WHAT NEEDS TO BE DONE: Quote the records beneath, complete and exact. Leave out images.

RECORDED INFORMATION:
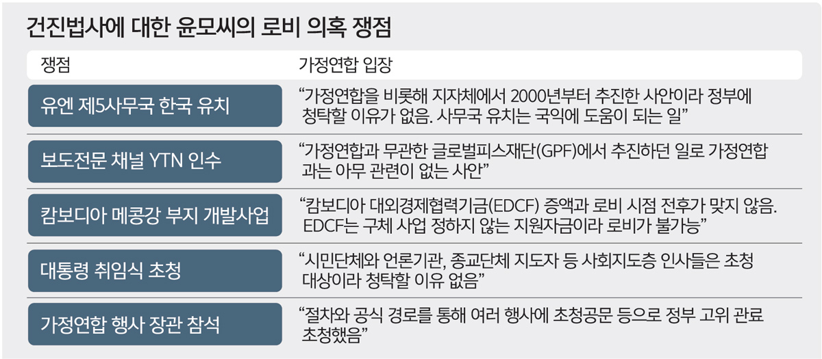 더군다나 메콩강 개발사업은 지역 발전과 주민 생활 개선을 위해 캄보디아 정부가 추진한 숙원사업이자 시진핑 중국 국가주석의 일대일로 정책과 맞닿아 있다. 가정연합 측은 “윤씨가 2023년 연합을 떠난 이후 모 건설사 전직 사장과 여러 차례 캄보디아를 방문했다는 보도가 있었는데 연합에는 이와 관련한 어떤 실무 조직이나 예산 집행 체계도 존재하지 않는다”고 밝혔다. 가정연합 관계자는 “아프리카 새마을운동 관련한 로비도 얘기하는데 상식적으로 그럴 필요가 있겠느냐”고 되물었다.
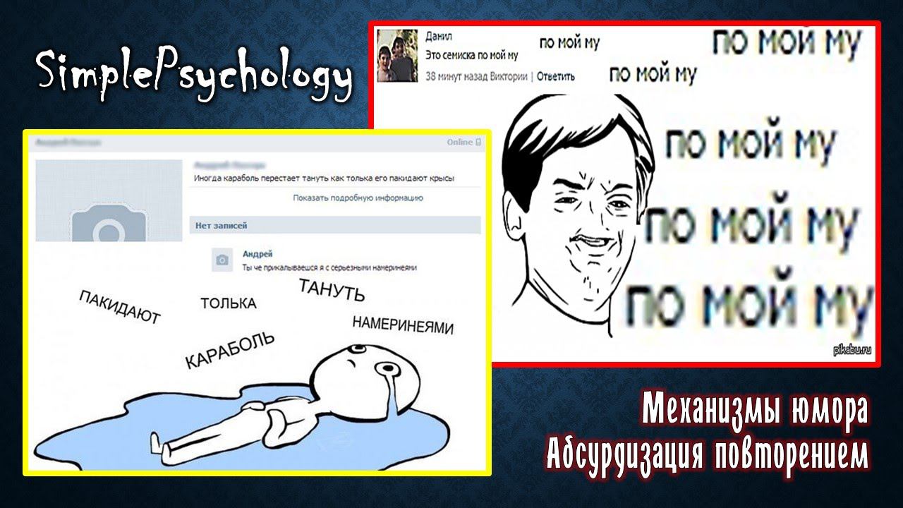 ☛ https://boosty.to/simplepsychology - новые видео и дистанционное обучение Кешбек сервис, которым я пользуюсь - http://got.by/45cbmo === - В этом видео вы научитесь строить шутку с помощью одного из приемов абсурдизации. Будет рассмотрена формальная схема построения данного вида шуток и приведены практические примеры. http://vk.com/primalinstinct - наша группа http://www.youtube.com/SimplePsychology - наш канал Для тех кто хочет поддержать проект: 41001213871702 - Яндекс кошелек R502021272863 - Вебмани Z615442054561 - Вебмани Деньги будут потрачены на покупку оборудования и организацию различных мероприятий музыка - Melodic_In_Fusion_-_Let_Go (jamendo.com) Кадры из фильмов Супергеройское кино (2008) Очень страшное кино 3 (2003) ==== Записаться на курс по гипнозу и гипноанализу - https://classicalhypnosis.ru/obuchenie
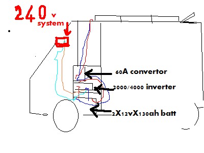The regulator is adjustable to .01 of a V input/output etc etc so I set it myself and the 10mm wire comes through the roof directly above the regulator/converter/battery's where all 3 are solars are linked together....so it's 3X110w panels @ 19 -20v ea going direct to the converter then from the converter into the battery's and from the batteries into the 2000w inverter (all within 2M distance in total) which then goes to a mains type switch near the mains inlet (which goes to a trip switch) so I can switch from 240v external to 240-12v inverter power once turning the inverter on obviously.
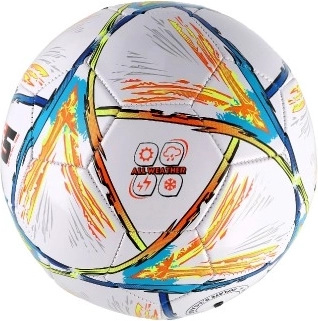 Zuverlässiger und robuster bunter Fußball für Freizeit- und Trainingsgebrauch. Dank Größe 5 und 23 cm Durchmesser eignet er sich hervorragend für Erwachsene und ältere Kinder. Die genähte Verarbeitung und die Lederoberfläche bieten ein angenehmes Ballgefühl, stabilen Flug und bessere Ballkontrolle.
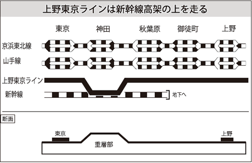 上野東京ラインは上野―東京駅間に京浜東北線、山手線に加えてもう1本の在来線を敷設し、上野駅どまりだった宇都宮線、高崎線、常磐線と、東京駅どまりだった東海道線を直通させるというものだ。JRはこれで乗客の利便が向上し、京浜東北線や山手線の混雑も緩和されると宣伝している。だが、上野東京ラインは安全上、根本的な問題を抱えている。
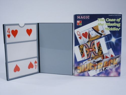 A jumbo card is shown and may be examined and placed inside a clear window in the side track case. It remains in full view at all times and then without any false moves the middle of the card is visibly pulled out! It is then pushed back in and the card is immediately removed and handed out for examination. Includes illustrated instructions and in very fine condition with original packaging. | |

EXERCISE SOLUTION:
 더군다나 메콩강 개발사업은 지역 발전과 주민 생활 개선을 위해 캄보디아 정부가 추진한 숙원사업이자 시진핑 중국 국가주석의 일대일로 정책과 맞닿아 있다. 가정연합 측은 “윤씨가 2023년 연합을 떠난 이후 모 건설사 전직 사장과 여러 차례 캄보디아를 방문했다는 보도가 있었는데 연합에는 이와 관련한 어떤 실무 조직이나 예산 집행 체계도 존재하지 않는다”고 밝혔다. 가정연합 관계자는 “아프리카 새마을운동 관련한 로비도 얘기하는데 상식적으로 그럴 필요가 있겠느냐”고 되물었다.
 ☛ https://boosty.to/simplepsychology - новые видео и дистанционное обучение Кешбек сервис, которым я пользуюсь - http://got.by/45cbmo === - В этом видео вы научитесь строить шутку с помощью одного из приемов абсурдизации. Будет рассмотрена формальная схема построения данного вида шуток и приведены практические примеры. http://vk.com/primalinstinct - наша группа http://www.youtube.com/SimplePsychology - наш канал Для тех кто хочет поддержать проект: 41001213871702 - Яндекс кошелек R502021272863 - Вебмани Z615442054561 - Вебмани Деньги будут потрачены на покупку оборудования и организацию различных мероприятий музыка - Melodic_In_Fusion_-_Let_Go (jamendo.com) Кадры из фильмов Супергеройское кино (2008) Очень страшное кино 3 (2003) ==== Записаться на курс по гипнозу и гипноанализу - https://classicalhypnosis.ru/obuchenie
The regulator is adjustable to .01 of a V input/output etc etc so I set it myself and the 10mm wire comes through the roof directly above the regulator/converter/battery's where all 3 are solars are linked together....so it's 3X110w panels @ 19 -20v ea going direct to the converter then from the converter into the battery's and from the batteries into the 2000w inverter (all within 2M distance in total) which then goes to a mains type switch near the mains inlet (which goes to a trip switch) so I can switch from 240v external to 240-12v inverter power once turning the inverter on obviously.
 Zuverlässiger und robuster bunter Fußball für Freizeit- und Trainingsgebrauch. Dank Größe 5 und 23 cm Durchmesser eignet er sich hervorragend für Erwachsene und ältere Kinder. Die genähte Verarbeitung und die Lederoberfläche bieten ein angenehmes Ballgefühl, stabilen Flug und bessere Ballkontrolle.
 上野東京ラインは上野―東京駅間に京浜東北線、山手線に加えてもう1本の在来線を敷設し、上野駅どまりだった宇都宮線、高崎線、常磐線と、東京駅どまりだった東海道線を直通させるというものだ。JRはこれで乗客の利便が向上し、京浜東北線や山手線の混雑も緩和されると宣伝している。だが、上野東京ラインは安全上、根本的な問題を抱えている。
 A jumbo card is shown and may be examined and placed inside a clear window in the side track case. It remains in full view at all times and then without any false moves the middle of the card is visibly pulled out! It is then pushed back in and the card is immediately removed and handed out for examination. Includes illustrated instructions and in very fine condition with original packaging. | |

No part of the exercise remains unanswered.